The court notes as well that Mr. Epstein's opinion as to the industry standard is based in large part on an analysis of the defendant's history with its other customers (in addition to his apparent general expertise in the construction industry). The plaintiff correctly notes, however, that while probative of industry standard, a creditor's relationship with its own customers is not alone sufficient to establish ordinary business practices under § 547(c)(2)(C). Logan v. Basic Distribution Corp. (In re Fred Hawes Org., Inc.), 957 F.2d 239, 246 (6th Cir. 1992) ("[C]ourts do not look only at the manner in which one particular creditor interacted with other similarly situated debtors, but rather analyze whether the particular transaction in question comports with the standard conduct of business within the industry.").
Because the defendant has not persuaded the court that there is not a genuine issue of material fact as to whether payments over 100 days outstanding are within the outer limits of ordinary practice in the construction industry, and because the plaintiff has raised a legitimate concern that Mr.
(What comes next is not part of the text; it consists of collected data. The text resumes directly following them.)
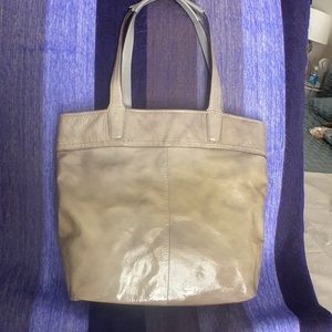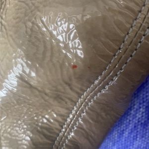 Soft patent leather with a perforated design on the front, light weight, large, roomy tote bag. 2 pockets inside, one for iPhone and a roomy zipper pocket. This bag was not used and it is in excellent condition except tiny red hardly noticeable spot on the side (see the picture) Priced accordingly. The last picture shows the true color. Straps have 9" drop.
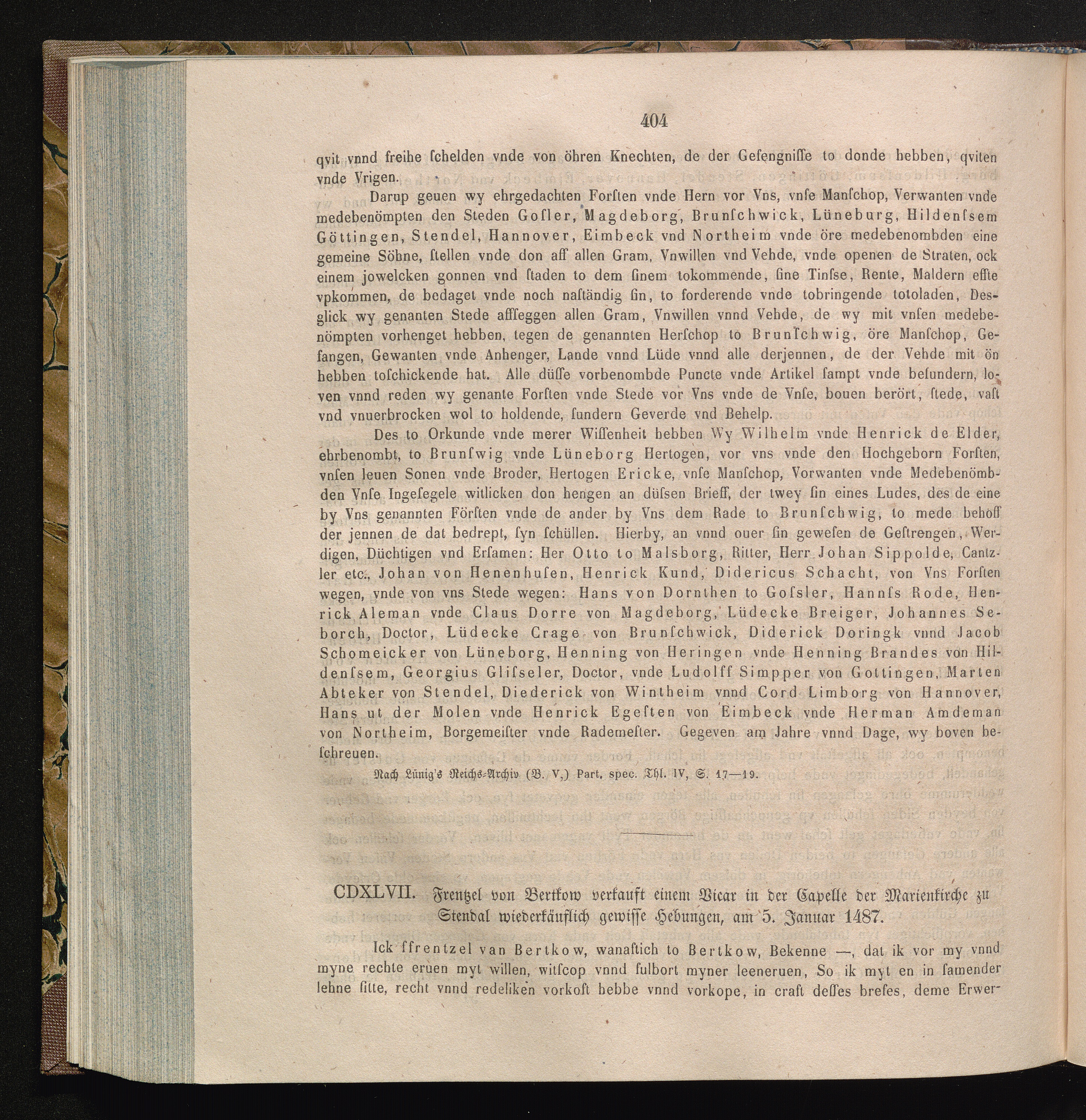 CDXLVII. Frenzel von Bertkow verkauft einem Vicar in der Capelle der Marienkirche[...]
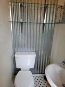 The property that is rented stops at the "Rock Creek" and is the main house and the large shed behind it. There's a nice front porch and deck in the back and a large back yard.
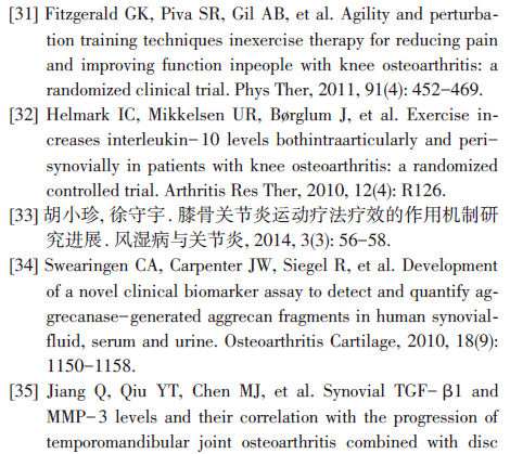 MMP-3是基质金属蛋白酶家族(matrix metalloprotein, MMPs)中重要的成员之一,参与降解多种细胞外基质[34];同时MMP-3能够激活其他基质金属蛋白酶原,进一步加速软骨破坏和骨关节炎的发病[35]。在另一项为期4周的随机对照临床试验中,陈辉等[36]发现,与单独药物治疗相比,运动结合双氯芬酸治疗KOA能够更加显著地降低关节滑液中MMP-3的含量,一定程度上延缓关节软骨退变进程。

Epstein's opinion may be improperly based on the defendant's business practices rather than on his general knowledge of the industry, the court will deny the defendant's motion as to § 547(c)(2)(C).
IV
For the foregoing reasons, the court will grant the plaintiff's motion as to § 547(b)(1)-(4) and will partially grant the plaintiff's motion as to § 547(b)(5). The court will deny the defendant's motion as to § 547(c)(6), and will deny both the plaintiff's and the defendant's motions as to § 547(c)(2). The court's order follows.